2 Comparison of Smartphone and Traditional Computer OS
The architecture of Smartphone operating systems like Google Android and Apple iOS are different to the traditional computer OS. Some characteristics and flaws are discussed in the following sections.
2.1 Traditional Computer OS
The security architecture of a traditional computer operating system has a number of rings. For example, the x86 architecture has four rings ; ring 0 is used for kernel, ring 1 is used for device drivers, ring 2 is used for System services and APIs and ring 3 is used for user applications. However, some major operating systems including Microsoft Windows  and Linux only implement two rings. Ring 0 is used for kernel and device drivers whereas ring 3 is used for user applications. The potential risk of such an implementation is that, if a malicious application manages to compromise a device driver, it could also compromise the kernel and in turn the whole OS. This leads to the serious situation whereby a rogue application might get root or kernel access . Another potential weakness is that an OS may not isolate applications based on users. This is illustrated in Figure 1 in which the task manager shows applications sharing common usernames 'User1' and 'SYSTEM'. There may be security risks if all user applications have the same rights as that of the logged in user and if applications can share each other’s resources.

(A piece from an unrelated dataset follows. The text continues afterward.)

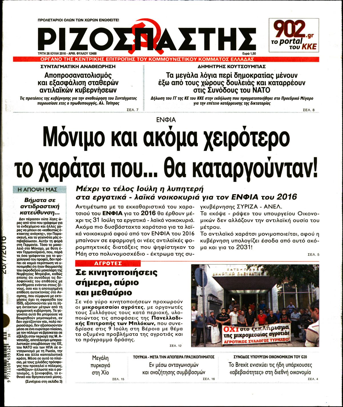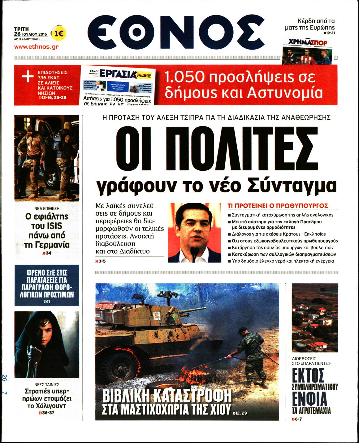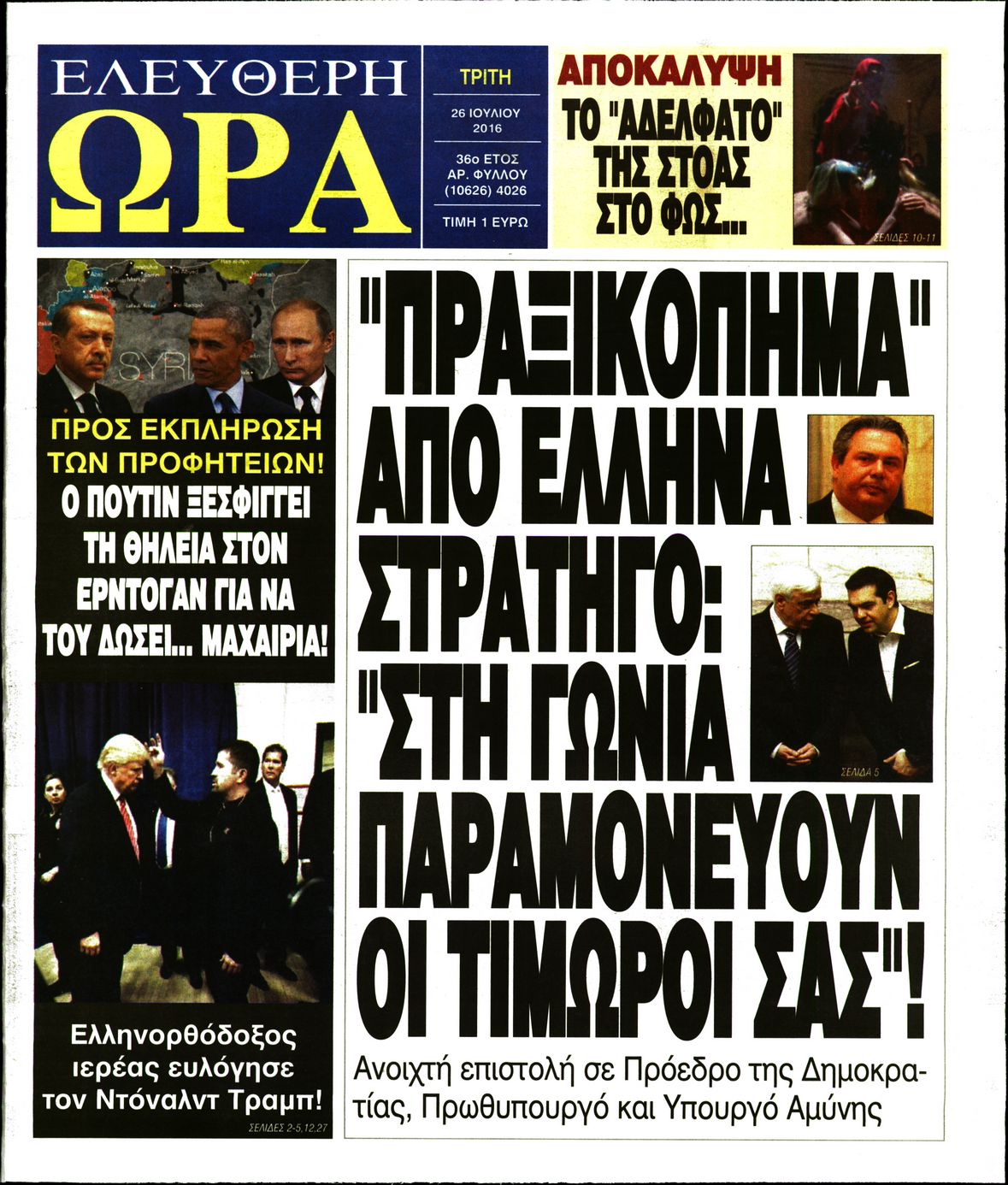 Οι πολιτικές εφημερίδες 26/7/2016 Enikos Newsroom 05:19, Τρίτη 26 Ιουλίου 2016 Media Διαβάστε τα σημερινά πρωτοσέλιδα των πολιτικών εφημερίδων: ΠΟΛΙΤΙΚΕΣ ΕΦΗΜΕΡΙΔΕΣ ΠΡΩΤΟΣΕΛΙΔΑ Μοιράσου το: σχολίασε κι εσύ (0 σχόλια) Ακολουθήστε το enikos.gr στο Google News και μάθετε πρώτοι όλες τις ειδήσεις Δείτε όλες τις τελευταίες ειδήσεις από την Ελλάδα και τον Κόσμο στο enikos.gr Ειδήσεις Ροή Ειδήσεων 6 ώρες πριν Εκτός ευρωομάδας ΣΥΡΙΖΑ ο Νίκος Παππάς μετά την επίθεση στον δημοσιογράφο Νίκο Γιαννόπουλο – Η μήνυση και οι νέες δηλώσεις 6 ώρες πριν «Αγριεύουν» οι αγρότες: «Δεν συντρέχει λόγος συνάντησης με τον πρωθυπουργό» – Ώρα αποφάσεων στη σύσκεψη της Πέμπτης 6 ώρες πριν Κυψέλη: Χωρίς την οικογένειά της δίπλα της απολογήθηκε η 16χρονη – «Της είχε επιτεθεί κάποιος για να την βιάσει, φοβήθηκε και κυκλοφορούσε με μαχαίρι» 6 ώρες πριν Politico: Το πρόβλημα της Ευρώπης δεν είναι το Βέλγιο αλλά ο Ντόναλντ Τραμπ 8 ώρες πριν Αλεξανδρούπολη: Πολυοργανική ανεπάρκεια λόγω υποσιτισμού η αιτία θανάτου του 3χρονου αγοριού 6 ώρες πριν Μυστήριο με τεράστιες κυκλικές πέτρες 200 κιλών – Ανακαλύφθηκαν τυχαία κατά τη διάρκεια οδικών έργων και κανείς δεν ξέρει από πού προέρχονται 7 ώρες πριν Ύπνος: Ειδικός εξηγεί τον πραγματικό λόγο που ξυπνάτε στις 4 τα ξημερώματα – Ο ρόλος των ορμονών και του κιρκάδιου ρυθμού 8 ώρες πριν Αριθμολογία: Οι άνθρωποι που έχουν γεννηθεί αυτές τις 4 ημερομηνίες, είναι τρυφεροί και αγαπούν ανιδιοτελώς 20 ώρες πριν 20 χρόνια τα Χριστούγεννα ξεκινούν στα Public με μεγάλη ποικιλία σε δώρα! 6 λεπτά πριν Αυστραλία: Κυβερνητική δέσμευση για αυστηρότερα μέτρα κατά της υποκίνησης μίσους 21 λεπτά πριν Ντόναλντ Τραμπ: Παρουσίασε τα επιτεύγματα της διακυβέρνησής του – Σκληρή κριτική στον Τζο Μπάιντεν 36 λεπτά πριν Κτηνοτρόφοι: Με δάκρυα στα μάτια ζουν τον εφιάλτη των άδειων στάβλων – «Καταστράφηκαν οι ζωές μας» 51 λεπτά πριν Νέο αμερικανικό πλήγμα σε σκάφος που φέρεται να μετέφερε ναρκωτικά στον Ειρηνικό – Τέσσερις νεκροί 1 ώρα πριν Αλ Τσαντίρι Νιουζ: «Λύγισε» ο Δημήτρης Λάλος για τον Δημήτρη Ήμελλο – «Τον μνημονεύω, να ‘ναι καλά εκεί που είναι» ENIKOS NETWORK Αϋπνία: Το κόλπο που θα σας βοηθήσει να κοιμηθείτε απόψε – Είναι απλό και έχει αποτέλεσμα 2,6 εκατομμύρια πολίτες έχουν ήδη εμβολιαστεί κατά της γρίπης ΕΛΣΤΑΤ: Τι δείχνουν τα νέα στοιχεία για τις ηλεκτρονικές παραγγελίες των επιχειρήσεων ΚΕΠΕ: Οι 3 διακριτές συμβολές των ΜμΕ και της μεταποίησης στην ελληνική οικονομία Χαρτογραφώντας το «σημείο χωρίς επιστροφή»: Για πρώτη φορά αποκαλύπτεται με λεπτομέρεια το ακανθώδες όριο της ατμόσφαιρας τ... Η Google καταργεί τη λειτουργία «dark web report» – Πώς θα μπορούν οι χρήστες να διαγράφουν τα δεδομένα τους περισσότερα 02:30 , Πέμπτη 18 Δεκεμβρίου 2025 Αλ Τσαντίρι Νιουζ: Η κόρη της Πάολα στο κοινό – Η ατάκα Λαζόπουλου που την έκανε να «κοκκινήσει» Γιορτινή διάθεση και ευχάριστες στιγμές γέμισε η αποψινή, τελευταία για το 2025, εκπομπή του «... 22:24 , Τετάρτη 17 Δεκεμβρίου 2025 Το Σπίτι Δίπλα Στο Ποτάμι: Σε κίνδυνο η υγεία του Απόστολου – Τι θα δούμε απόψε “Το Σπίτι Δίπλα στο Ποτάμι” ξετυλίγει το νήμα της ζωής των πέντε αδελφών με καταισ... 21:14 , Τετάρτη 17 Δεκεμβρίου 2025 Παιχνίδια Εκδίκησης: Θα καταφέρει ο Χρήστος να κλονίσει την εμπιστοσύνη της Μάγιας απέναντι στον Άγη; Τα «Παιχνίδια Εκδίκησης» έρχονται απόψε στις 22:30, στον Αντ1, με το τελευταίο επεισόδιο της χ... 20:57 , Τετάρτη 17 Δεκεμβρίου 2025 Άγιος Έρωτας: Η Χλόη καταθέτει εναντ

Figure 1 Windows Task Manager shows applications sharing 'User Name'
2.2 Smartphone OS
Smartphone operating systems, such as Android and iOS, implement a kind of ring (or layered) architecture. For example, Figure 2 shows the Android structure .
Figure 2 Android Architecture
The basic principle is that user applications run in the application layer and only Android OS services should get system level access and be able to run as ‘root’. This is true for normal non “jail-broken” phones. A jail-broken phone is a phone that bypasses limitations imposed by the OS so that users can install custom applications and even get root access. Clearly the practical feasibility of jail-breaking Smartphones and then misusing privileges is a major security concern and a related experiment is described in section 4.
Typically a Smartphone records the permitted access to system resources when the application is installed by the user. A unique user identifier (ID) is created for every application at the time of installation. The OS maintains the details of the access rights for every user ID . The username for an installed application can be different for the same application on different phones. The OS should not allow access to resources unless the user has granted permission. Android and iOS implement process isolation whereby each application runs in its own sandbox so that an application should not be able to access resources of other applications . If an application is compromised, the damage should then be limited to the application and the resources it has access to. However, if the rogue application is somehow given root access then the potential for damage is great.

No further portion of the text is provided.